Every line from the one containing "Ever so gorgeous, discover" to the one containing "The entrance welcomes" in the records below, both included, must be set down exactly, and no other line.

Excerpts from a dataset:
================================

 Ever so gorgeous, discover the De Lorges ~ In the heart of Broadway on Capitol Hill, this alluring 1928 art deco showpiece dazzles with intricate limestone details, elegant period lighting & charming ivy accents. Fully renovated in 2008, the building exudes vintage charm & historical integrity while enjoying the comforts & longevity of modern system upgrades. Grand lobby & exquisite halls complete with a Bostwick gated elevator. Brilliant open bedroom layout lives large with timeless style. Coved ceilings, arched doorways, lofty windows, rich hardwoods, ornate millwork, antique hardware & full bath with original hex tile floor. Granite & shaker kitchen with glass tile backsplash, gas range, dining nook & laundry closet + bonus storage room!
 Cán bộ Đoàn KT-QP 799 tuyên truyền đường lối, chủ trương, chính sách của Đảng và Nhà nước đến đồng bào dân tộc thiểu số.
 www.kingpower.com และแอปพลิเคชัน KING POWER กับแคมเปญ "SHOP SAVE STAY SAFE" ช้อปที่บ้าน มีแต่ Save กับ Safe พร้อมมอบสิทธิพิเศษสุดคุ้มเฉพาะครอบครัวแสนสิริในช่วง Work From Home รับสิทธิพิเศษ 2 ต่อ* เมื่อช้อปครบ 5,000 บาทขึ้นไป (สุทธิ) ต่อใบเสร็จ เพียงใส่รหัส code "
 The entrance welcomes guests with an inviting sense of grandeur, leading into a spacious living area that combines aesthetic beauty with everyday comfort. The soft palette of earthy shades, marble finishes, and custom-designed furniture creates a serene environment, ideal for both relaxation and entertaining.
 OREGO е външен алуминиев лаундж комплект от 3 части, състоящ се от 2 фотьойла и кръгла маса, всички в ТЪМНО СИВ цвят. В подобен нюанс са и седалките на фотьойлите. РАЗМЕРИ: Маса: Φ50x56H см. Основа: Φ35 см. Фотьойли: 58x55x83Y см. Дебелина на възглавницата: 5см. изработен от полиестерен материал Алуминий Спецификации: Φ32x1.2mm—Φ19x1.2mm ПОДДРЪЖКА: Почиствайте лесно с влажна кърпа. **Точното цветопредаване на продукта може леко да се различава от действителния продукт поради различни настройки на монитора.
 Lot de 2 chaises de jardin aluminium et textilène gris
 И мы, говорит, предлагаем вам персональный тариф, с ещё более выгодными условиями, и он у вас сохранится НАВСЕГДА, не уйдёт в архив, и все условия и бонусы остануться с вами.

================================

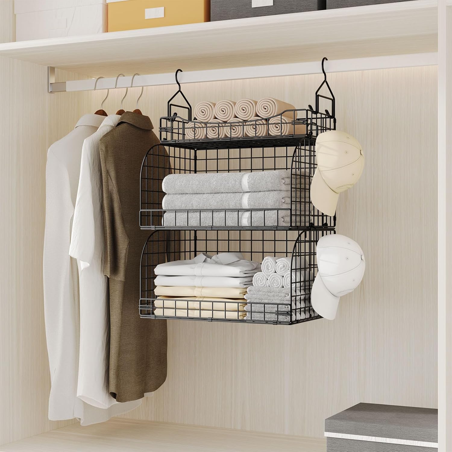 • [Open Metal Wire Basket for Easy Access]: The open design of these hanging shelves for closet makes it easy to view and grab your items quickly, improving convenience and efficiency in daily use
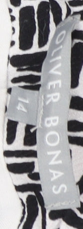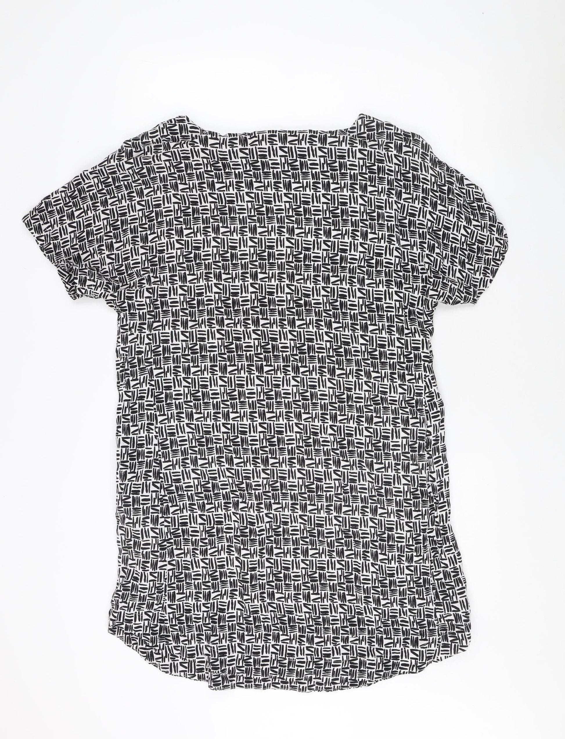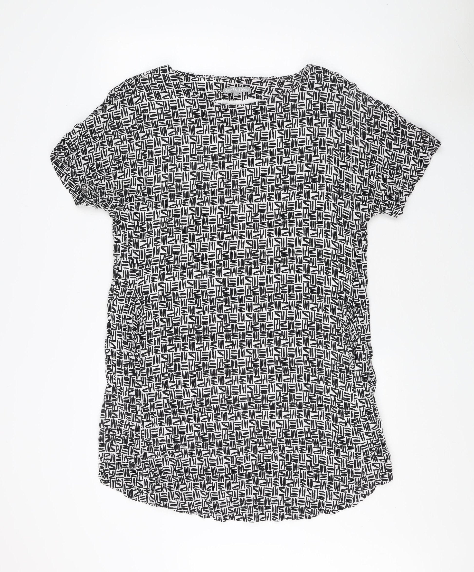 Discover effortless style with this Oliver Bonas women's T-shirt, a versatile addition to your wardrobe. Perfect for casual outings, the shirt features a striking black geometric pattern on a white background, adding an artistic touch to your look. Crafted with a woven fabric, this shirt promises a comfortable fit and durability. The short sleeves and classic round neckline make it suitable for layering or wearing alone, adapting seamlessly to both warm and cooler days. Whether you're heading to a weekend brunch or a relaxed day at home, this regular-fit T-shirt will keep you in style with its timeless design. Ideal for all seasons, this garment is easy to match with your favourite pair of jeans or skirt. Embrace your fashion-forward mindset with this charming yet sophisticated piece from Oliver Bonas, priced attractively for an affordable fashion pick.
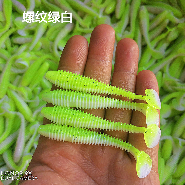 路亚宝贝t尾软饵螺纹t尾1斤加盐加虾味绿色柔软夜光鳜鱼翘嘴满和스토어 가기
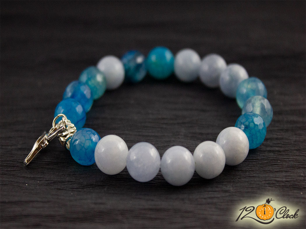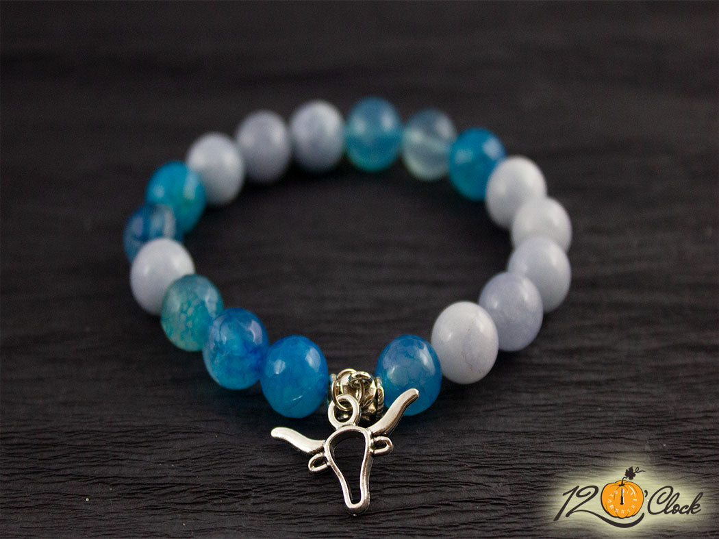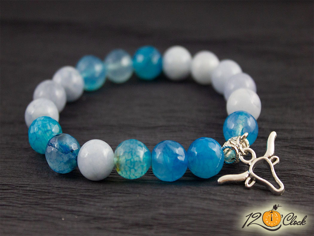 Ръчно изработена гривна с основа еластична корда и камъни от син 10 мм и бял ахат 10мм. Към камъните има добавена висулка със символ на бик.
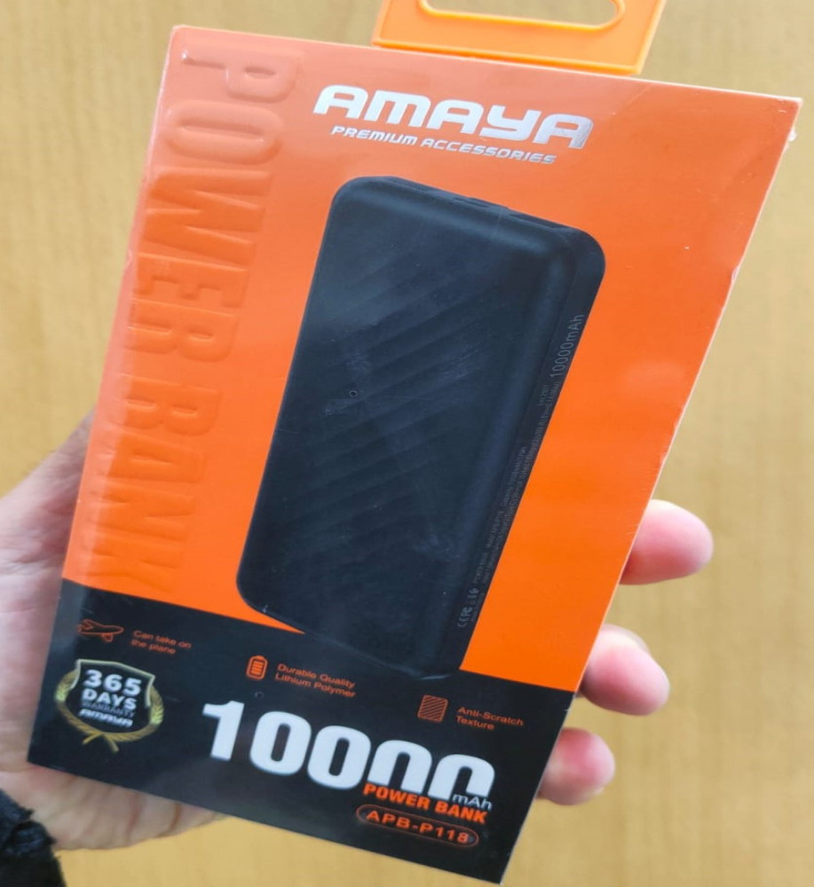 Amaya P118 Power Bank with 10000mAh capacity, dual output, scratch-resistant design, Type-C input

================================

| TASK ANSWER |
 Ever so gorgeous, discover the De Lorges ~ In the heart of Broadway on Capitol Hill, this alluring 1928 art deco showpiece dazzles with intricate limestone details, elegant period lighting & charming ivy accents. Fully renovated in 2008, the building exudes vintage charm & historical integrity while enjoying the comforts & longevity of modern system upgrades. Grand lobby & exquisite halls complete with a Bostwick gated elevator. Brilliant open bedroom layout lives large with timeless style. Coved ceilings, arched doorways, lofty windows, rich hardwoods, ornate millwork, antique hardware & full bath with original hex tile floor. Granite & shaker kitchen with glass tile backsplash, gas range, dining nook & laundry closet + bonus storage room!
 Cán bộ Đoàn KT-QP 799 tuyên truyền đường lối, chủ trương, chính sách của Đảng và Nhà nước đến đồng bào dân tộc thiểu số.
 www.kingpower.com และแอปพลิเคชัน KING POWER กับแคมเปญ "SHOP SAVE STAY SAFE" ช้อปที่บ้าน มีแต่ Save กับ Safe พร้อมมอบสิทธิพิเศษสุดคุ้มเฉพาะครอบครัวแสนสิริในช่วง Work From Home รับสิทธิพิเศษ 2 ต่อ* เมื่อช้อปครบ 5,000 บาทขึ้นไป (สุทธิ) ต่อใบเสร็จ เพียงใส่รหัส code "
 The entrance welcomes guests with an inviting sense of grandeur, leading into a spacious living area that combines aesthetic beauty with everyday comfort. The soft palette of earthy shades, marble finishes, and custom-designed furniture creates a serene environment, ideal for both relaxation and entertaining.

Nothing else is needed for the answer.